Today, there’s such an emphasis on reality that anything short of one hundred percent realism is a disappointment. There’s very little margin for error and very little slack given by the gaming community. When the technology wasn’t caught up to reality, people were willing to accept things for what they were. So even if the new sports game didn’t have commentary or even real teams, they were able to see past that and enjoy playing the game anyway. Today, that’s just not possible. If Sega decided to make Sega Football 2K6 with no real teams or players and tried to charge $40 for it, nobody would buy it. In 1995, people might have taken a chance to see the quality of the football that Sega offered. Not in 2005, where if it’s not real, it’s not worth the investment of time or money.

Video gaming finds itself with a serious dilemma, and it’s nobody’s fault. Sometimes, I think the industry sees gaming as an extension of real life, rather than the escapist hobby it once was. It just seems like people play games just to beat them, rather than enjoy the hell out of them. And it also seems like people are too critical and cynical to appreciate something they’ve never seen before, especially if it doesn’t conform to their particular ideal of what gaming “should” be like. Today’s idea of imagination seems to mean imaginative ways to express reality, which is pretty depressing in its own right.

Call me crazy, but I’ll play NHL ’95 over NHL 2005 anyday, and that’s not just because NHL 2005 was a half-assed steaming pile of crap that was a terrible excuse for a hockey game. I choose NHL ’95 because it reminds me of the days when playing hockey on a video game system was a new and exciting phenomenon. It wasn’t a quest for perfection; instead, it was just a fun way to spend a few hours. The game was far from flawless, but the time spent playing it was priceless. And you know what? It still is.

Somewhere over the last ten years. people have forgotten that there’s more to gaming than graphics, gameplay, and sound. There’s an atmosphere about gaming that’s present for the really great gaming moments, and guess what? It’s not there when someone’s playing a game with a strategy guide wide open, just so he or she can beat it and move on to the next game. The great games mean something more to those playing them.
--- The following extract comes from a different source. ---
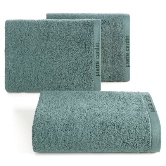 Jednokolorowy, klasyczny ręcznik kąpielowy z ekskluzywnej kolekcji Pierre Cardin zdobiony su btelną lamówką z logo projektanta. Wysokiej jakości tkanina. szerokość: 50 cm, długość: 90 cm, kolor: ciemnomiętowy, Gramatura: 430 GSM, Skład: 100% bawełna
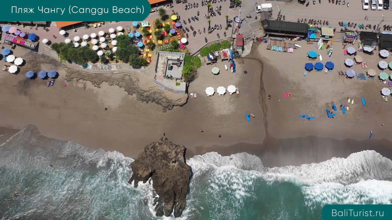 Примечание автора сайта: многие относят пляж Чангу к пляжам с черным песком, но на самом деле там темно-серый и темно-желтый песок. Мы же постарались указать в списке пляжи именно с черным песком. А вообще, пляжи с темным песком расположены на береговой линии от района Чангу и западнее, а так же от района Санур и восточнее. Еще темный песок есть на севере Бали — пляжах Ловина и Пемутеран.

That’s why RPG players are so into the games they play, because they feel like they’re a part of it. That’s why people who can’t remember how to spell their middle names can fondly recall the first time they won the Super Bowl in Madden. And that certain atmosphere is why so many gamers can cast aside the visual beauty of today’s games in favor of the escape to the days of youthful innocence they get by playing the games they grew up with.